It has been scientifically proven that music is good for your health

Did you know ? Music not only softens morale, it is also a powerful ally for our health. Listening and practicing the fourth art not only improves our mental well-being, but also our cerebral plasticity and our cognitive abilities. decryption.

No one (or almost) is insensitive to the power of music. When preferences vary, the fourth art touches us deep in our hearts…and our brains. This is why listening to and practicing music is increasingly advocated by the medical community. And this from an early age. Studies have shown that music acts as a neurostimulant in babies, and especially in premature babies.

Swiss researchers at the University Hospital of Geneva have found that music promotes the development of sensory and cognitive functions in these newborns. To arrive at this conclusion, the scientists commissioned composer Andreas Vollenweider to create three melodies to accompany babies waking up, waking up, and falling asleep. They found that the neural networks of babies exposed to these songs developed more efficiently than those of other preemies.

The impact of music on the cognitive and executive functions of our brains no longer needs to be proven, especially in children. Recent discoveries show that the fourth art modifies the brain’s biochemical processes by improving brain plasticity. This would explain why it has beneficial effects on the intellectual development of toddlers.

The work of Christina Zhao and Patricia Kuhl, two researchers from the Institute for Learning and Brain Sciences at the University of Washington, confirmed this as early as 2016. They found, with medical neuroimaging to back it up, that listening to music influences the development of speech learning. . skills in babies.

“We know that babies learn quickly from a wide variety of experiences and we believe that music can be an important experience that can influence their brain development.”

Christina Zhao on CBS News

Playing Music, “A Complete Calling of the Brain”

This beneficial effect on brain plasticity extends over childhood and adult life. The practice of an instrument would thus make it possible to develop its intelligence quotient (IQ) more quickly. A team of researchers, led by experts from Stanford University School of Medicine, studied the cognitive functions of 153 musicians and non-musicians. She found a significant difference in the brain structure of musicians who started playing an instrument at a young age, be it piano, clarinet, trumpet or violin. The latter have stronger brain connections than those who started musical training late.

For Anita Collins, a researcher specializing in brain development and musical learning, playing an instrument is the equivalent of:“a complete workout for the brain”. “Listening to music engages the brain in all sorts of interesting activities, but playing music makes the brain fully engaged”she explained in a Ted Talk conference in 2014.
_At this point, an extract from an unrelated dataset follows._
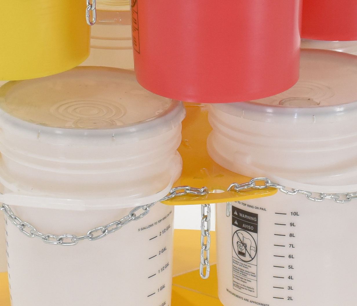 A Pail carousel rack is a quick way to transfer loaded and unloaded pails. Each bay is a perfect fit for a 5 gallon pail, while an included safety chain gives an extra level of security. The carousel design enables circular movement of each tier, allowing the user to maintain their position instead of moving to each individual pail bay. The rack is constructed of 1/4" thick powder coated steel.
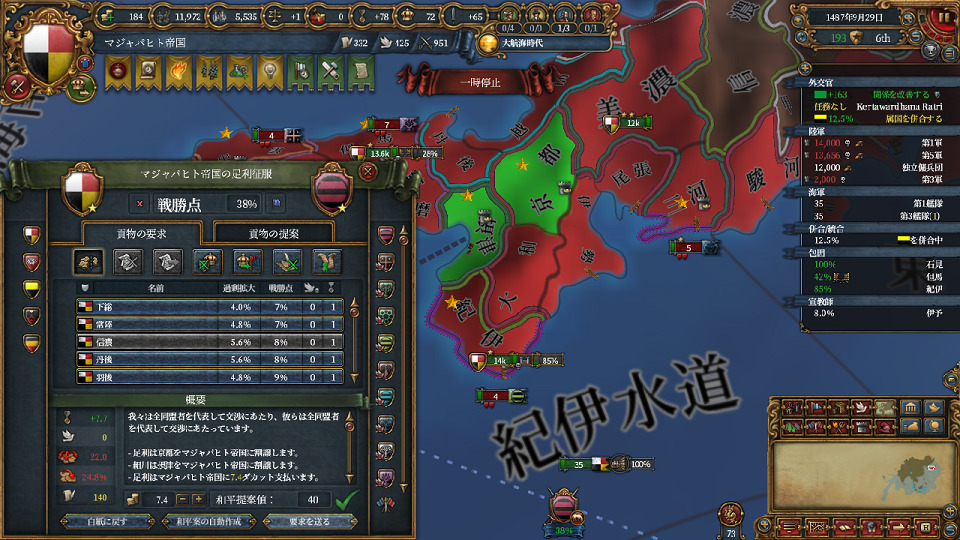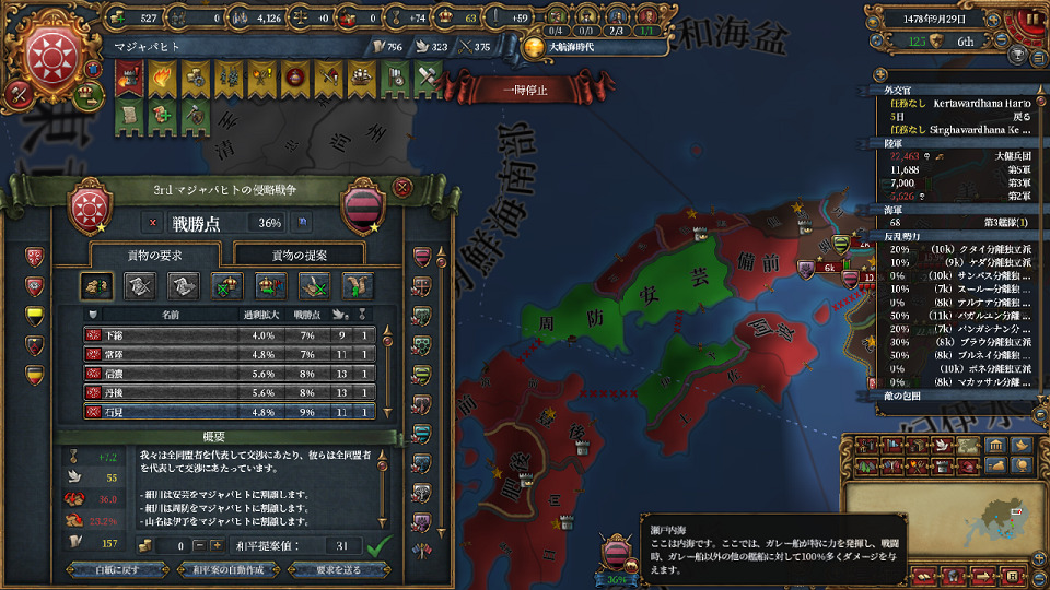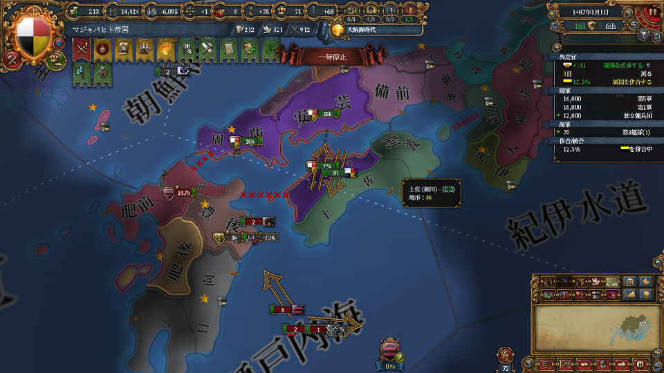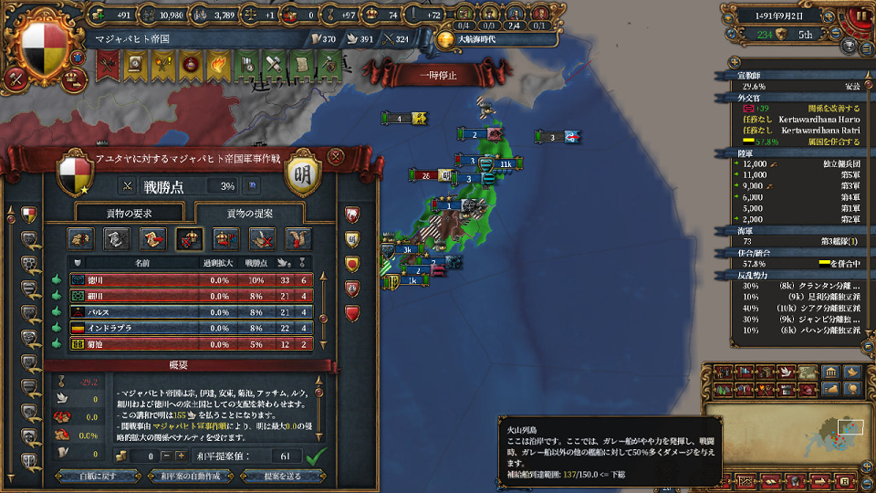 足利の停戦期間が明けるまで平和に過ごして冷ますことにします。その間日本列島に遷都し、東南アジアのステートを金山以外剥がし、主要文化を西国に変更しました。

“When playing an instrument, almost all areas of the brain are involved simultaneously, especially the visual cortex, the auditory cortex and the motor cortex. And as with all training, methodical and structured exercises strengthen these brain functions, allowing us to apply this power to other activities.”

One thing is certain, the more you practice an instrument, the more you benefit from these effects. But listening to music can also bring many benefits. First about mood regulation. Cognitive neuroscience claims that music provides a sense of pleasure by activating our reward circuitry. This system, set up by natural selection to regulate our desires and emotions, increases the release of dopamine, the famous “happiness hormone”† So much so that music is now used as a therapeutic tool in healthcare facilities.

The persistence of musical memory

Music therapy has also proven itself in treating stress and managing pain. There are more and more music workshops to help people with Parkinson’s disease, epilepsy and even migraines. A team of French, German and American researchers conducted the experiment with about twenty migraine patients. They offered them to listen to 20 minutes of music twice a day for three months. Result: Their migraine attacks are drastically spread out. In fact, half of the study participants said they had been cut in half.

The therapeutic virtues of music don’t stop there. Many works indicate that the fourth art stimulates almost all forms of memory, including in the elderly. Hervé Platel, professor of neuropsychology at the University of Caen, is one of the first researchers to observe the persistence of musical memory in the 1990s. He found that Alzheimer’s patients manage to learn new songs in a matter of weeks, while we thought their memory had been lost. And this, even at an advanced stage of the disease.

But despite all that, can we say that music perpetuates brain aging? Researchers remain cautious on the matter. However, they all agree on one point: listening to music, singing or playing an instrument has multiple benefits for overall cognitive functioning of the brain, at all ages. All the more reason to take advantage of the Fête de la Musique on June 21.